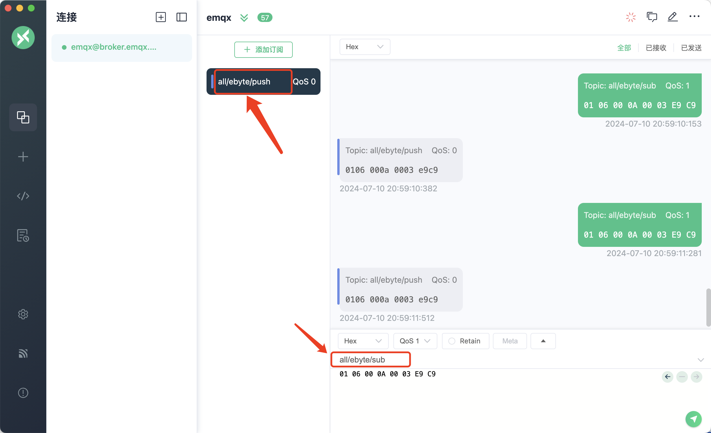 这里还需要注意,接受和发布的消息格式都需要 为HEX,16进制。
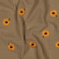 beige yellow green sunflowers embroidery double gauze
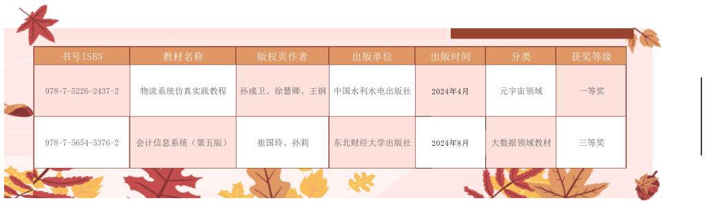 8月20日,全国高校人工智能与大数据创新联盟优秀教材评审委员会公布了2025年度全国高校人工智能+数字经济优秀教材评选拟获奖名单,开云官网孙成卫、徐慧卿、王钢老师主编的《物流系统仿真实践教程》以及崔国玲、孙莉老师主编的《会计信息系统》(第五版)分别获一等奖与三等奖。

━━━

Your answer should be the lines from the line containing "beige yellow green" through the end of the listing above, output exactly and alone, without the pictures.

 beige yellow green sunflowers embroidery double gauze
 8月20日,全国高校人工智能与大数据创新联盟优秀教材评审委员会公布了2025年度全国高校人工智能+数字经济优秀教材评选拟获奖名单,开云官网孙成卫、徐慧卿、王钢老师主编的《物流系统仿真实践教程》以及崔国玲、孙莉老师主编的《会计信息系统》(第五版)分别获一等奖与三等奖。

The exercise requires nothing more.